Я думал так же, как он. Мы собрались с духом и стали спускаться вниз, исполненные ожидания. Но и здесь была мертвая тишина, и только наши шаги раздавались на лестнице. Мы стали у двери каюты. Я приложил ухо к двери и прислушался; ничего не было слышно. Я отворил. Комната представляла беспорядочный вид. Одежда, оружие и утварь — все лежало в беспорядке. Должно быть, команда или по крайней мере капитан недавно бражничали, потому что все было еще разбросано. Мы пошли дальше, из помещения в помещение, из комнаты в комнату; везде мы находили чудные запасы шелка, жемчуга, сахара. При виде этого я был вне себя от радости: ведь так как на корабле никого нет, думал я, то все можно присвоить себе. Но Ибрагим обратил мое внимание на то, что мы, вероятно, еще очень далеко от земли, до которой одни и без человеческой помощи не сможем добраться.

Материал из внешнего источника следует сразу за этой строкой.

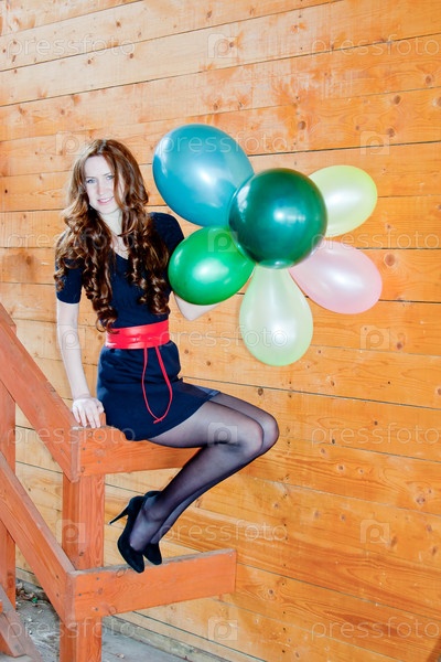 Красивая девушка с воздушными шарами в деревянном доме

Мы подкрепились кушаньями и напитками, которые нашли в изобилии, и наконец опять поднялись на палубу. Но здесь мы все время дрожали от ужасного вида трупов. Мы решили избавиться от них и выбросить их за борт. Но как страшно нам стало, когда оказалось, что ни один труп нельзя сдвинуть с места. Они лежали на полу как заколдованные, и чтобы удалить их, пришлось бы вынимать пол палубы, а для этого у нас не было инструментов. Капитана тоже нельзя было оторвать от мачты; мы даже не могли вырвать саблю из его окоченевшей руки.

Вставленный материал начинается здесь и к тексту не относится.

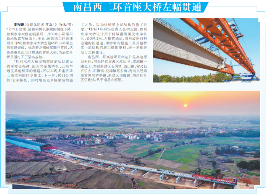 2月27日黄昏,,,,,随着架桥机钢索的徐徐下降,,,,,胜利水库大桥左幅最后一片30米小箱梁平稳地安排在桥墩上。。。。。。。。至此,,,,,南昌西二环高速项目TJ2标胜利水库大桥左幅65片小箱梁所有架设完成,,,,,标记着左幅桥梁顺遂意会,,,,,这也是南昌西二环意会的首座大桥,,,,,为后续全桥意会打下了坚实基础。。。。。。。。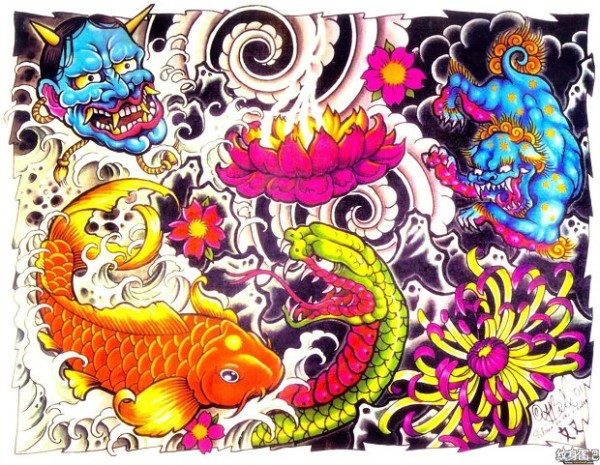 传统艺妓般若纹身图案手稿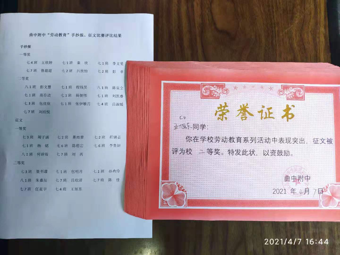 曲中附中举办劳动教育手抄报、征文比赛活动

Мы провели день, печально размышляя о своем положении; когда же стала наступать ночь, я позволил старому Ибрагиму лечь спать. Сам я хотел бодрствовать на палубе, чтобы высмотреть спасение. Но когда взошла луна и я по звездам рассчитал, что, вероятно, сейчас одиннадцатый час, мною овладел такой непреодолимый сон, что я невольно навзничь упал за бочку, которая стояла на палубе. Впрочем, это было скорее оцепенение, чем сон, потому что я ясно слышал удары моря о бок корабля и треск и свист парусов от ветра. Вдруг мне показалось, что я слышу голоса и человеческие шаги по палубе. Я хотел приподняться, чтобы посмотреть, но невидимая сила сковала мои члены — я даже не мог открыть глаза. А голоса становились все яснее; мне казалось, будто по палубе бродит веселый экипаж, а иногда казалось, что я слышу сильный голос командира, причем ясно слышал, как поднимали и опускали канаты и паруса. Но мало-помалу я терял сознание и впадал во все более глубокий сон, во время которого слышал только шум оружия. Проснулся я лишь тогда, когда солнце стояло уже очень высоко и жгло мне лицо.

Я с удивлением посмотрел вокруг себя. Буря, корабль, мертвецы и то, что я слышал в эту ночь, представлялось мне сном; но когда я поднял взор, я нашел все как вчера. Мертвецы лежали неподвижно, неподвижен был прибитый к мачте капитан. Я посмеялся над своим сном и встал, чтобы разыскать своего старика.

Он очень задумчиво сидел в каюте.

— Господин! — воскликнул он, когда я вошел к нему. — Я предпочел бы лежать глубоко на дне моря, чем провести еще ночь на этом заколдованном корабле!

Я спросил его о причине его горя, и он отвечал мне:

— Проспав несколько часов, я проснулся и услыхал, что над моей головой кто-то бегает взад и вперед. Сперва я подумал, что это вы; но наверху бегали по крайней мере двадцать человек, притом я слышал возгласы и крики. Наконец по лестнице раздались тяжелые шаги. Потом я ничего уж не сознавал; лишь по временам сознание на несколько минут возвращалось ко мне, и тогда я видел, что тот самый человек, который наверху пригвожден к мачте, сидит там, за тем столом, поет и пьет; а тот, который в ярко-красной одежде лежит на полу недалеко от него, сидит около него и пьет вместе с ним.

Так рассказал мне мой старый слуга.

Вы можете поверить мне, друзья мои, что на душе у меня было не очень хорошо; ведь это был не обман, ведь и я отлично слышал мертвецов. Плавать в таком обществе мне было страшно. А мой Ибрагим опять погрузился в глубокую задумчивость.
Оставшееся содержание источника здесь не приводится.